Me encuentro con Alberto el domingo pasado. Hacía muchos años que no nos veíamos. Desde 2019, desde que el periódico abandonó el papel y se convirtió en digital. No sé quién sacó la conversación —bueno, sí lo sé, la saqué yo—. Sobre mis artículos de colaboración. Simplemente, los dejé morir. Un cierto agotamiento respecto a dichas colaboraciones se unió al hecho de que cambió el formato. Entre copa y copa —la verdad es que no nos tomamos ninguna copa, fue un “aquí te pillo, aquí te mato”, parte de un saludo de cortesía a la entrada y salida del bar— acordamos que podría volver a escribir. “No sé yo si…” “Sí, hombre, sí, anímate. Si no es un artículo cada la semana, uno cada 15 días o uno al mes, pero anímate. O cuando a ti te apetezca.”
El oficio de escribir es una rara tarea. Nunca sabes quién te lee y si lo que escribes gusta. O si lo entiende, al menos. Nunca sabes el alcance que alcanza, el gusto que gusta o las visualizaciones que se visualizan. Incluso, aunque tengas un contador de visitas, como por lo visto existen en las web, siempre ignoras quien da con la aguja en el pajar de agujas y se detiene a leer. Si lee en condiciones. Si lo entiende. Si está de acuerdo con ello. Si le sirve, que es lo que en el fondo se pretende, “compartir para enriquecer” y que el lector adquiera otro punto de vista sobre este tema u otro. Al menos yo, como lector de artículos ajenos, es lo que busco. Que me enriquezca.
Pero, ¿de qué narices escribo? ¿De la lámina cribosa y los cornetes? ¿De los párpados? ¿De las orejas? ¿Del meato auditivo? ¿lo que me salga del sistema endocrino? ¿Debo seguir una temática, siempre la misma, o escribo artículos aleatorios, lo que me venga a la cabeza ese día? Puede que esto último me sea más cómodo, pero puede que no encuentre un nicho de lectores que le mole la temática “random”.
Siempre he huido del periodismo digital porque me molesta que por cada párrafo me salte un anuncio de bragas o una oferta de billetes para viajar a Grecia. Las bragas o los viajes a Grecia no maridan bien con un artículo de filosofía barata sobre el ser y la nada, como los que yo escribía en su día, cuando el artículo era en papel crujiente y el lector podía dejar el anuncio a un lado para centrarse en las estupideces de este moderno “pobrecito hablador”. ¿Alguien por ahí, interesado en lo que escriba?

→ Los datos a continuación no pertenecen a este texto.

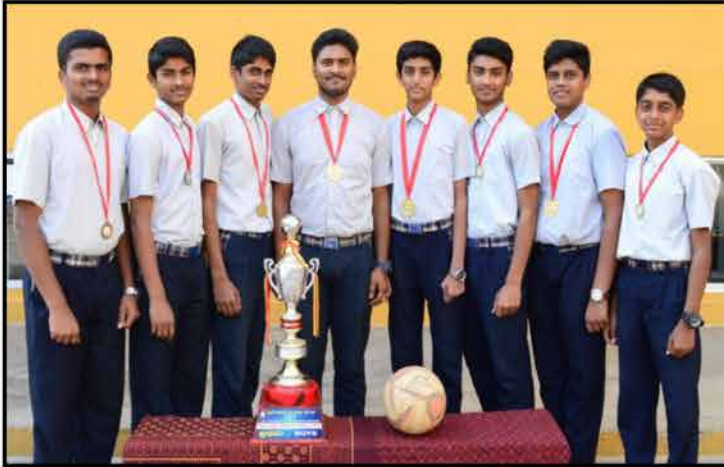
Under 17 Boys State Level Netball Gold Medallists

Cuando mis compañeros de opinión son Consejeros de Educación, Vicepresidentes o Delegados del Gobierno, ¿qué pinto yo? ¿No soy yo más chico que todos esos, que no tengo estudios ni na? Pero bueno, mira, me animé. Ahora tengo que echar mi cuarto a espadas en este enorme contenedor de internet y salir de casa, donde yo estaba tan a gustito, para arriesgarme a que me lean los consumidores de móvil mientras viajan en ascensor, interrumpidos por anuncios de bragas griegas o de viajes a la cuca.
Vuelvo al periódico como un burro despistado, que es lo que soy —no sé si queda bien que me llame burro a mí mismo—, para entrar en buena lid con mi pluma y mi tintero del siglo XX en los abismos de la red. Sin red. Pero es lo que hay. Retirarse o morir. Al fin y al cabo, moriremos todos, y mucho más estos artículos de la red que se pierden los bits como lágrimas en la lluvia y no se vuelven a encontrar cuando un nuevo artículo lo sustituye.
Al menos no acabarán, como aquellos viejos artículos en papel, abrazando a una jugosa lubina en una pescadería.